He looked up to see Zelenka standing there. He raised his eyebrows in question waiting for the English physics go to on.
“Um, tomorrow?”
Rodney sighed. “Yes, tomorrow’s Christmas. Everyone has off. Don’t worry about it. I’ll finish what we’re doing. There’s a party down in the mess hall.”
The man gave him relieved look. “Are you coming?”
“Sure,” Rodney said, going back to his laptop.
The man smiled. “Don’t be too late. The Athosians are fascinated by our traditions and many of them have come in from the mainland.”
Rodney just nodded. “Yeah. Bye,” he said dismissively. Great. Wonderful. More golly people to deal with.

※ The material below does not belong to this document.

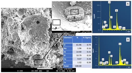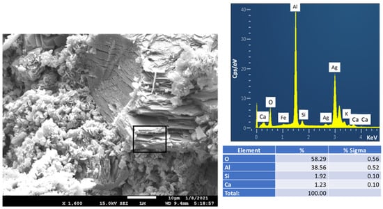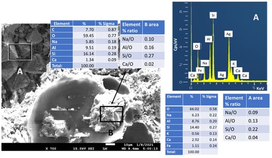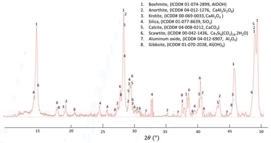 The XRD pattern (Figure 17) revealed multiple crystalline reaction products including boehmite, AlOOH, anorthite, CaAl2Si2O8, calcite, CaCO3, scawtite, Ca7Si6(CO3)O18·2H2O, and gibbsite, Al(OH)3, coexisting with unreacted starting materials, krotite, CaAl2O4, and aluminum oxide, Al2O3, in CAC, as well as silica, SiO2, from SMS. The quantitative data suggested that among the major phases were boehmite (23%), anorthite (19%), and scawtite (14%). Both anorthite and scawtite came from hydrothermal reactions of CAC with silica derived from SMS. (Note that the high-temperature crystalline products of CAC hydration include katoite and boehmite, and the XRD patterns of the hydrated cement can be found in [].)

He heard Zelenka leave and he heaved a sigh. It wasn’t that he didn’t like Christmas, well, he didn’t like Christmas, but he just really didn’t feel like being around people right now. He might stop down later for food, maybe.
Rodney turned his attention back to the puzzle on his laptop screen. They had found a piece of Ancient technology and he was still trying to figure out how to interface it their technology.
* * * * *
A grating sound cut through the small lab and Rodney jerked awake. He realized he had fallen asleep in the lab again. He sat up and rubbed his face, realizing he had been drooling in his sleep. He quickly used the elbow of his shirt sleeve to erase the incriminating evidence from the counter top, grateful no one else was there. He frowned as the grating sound started up again. He slowly got to his feet to try to find the source.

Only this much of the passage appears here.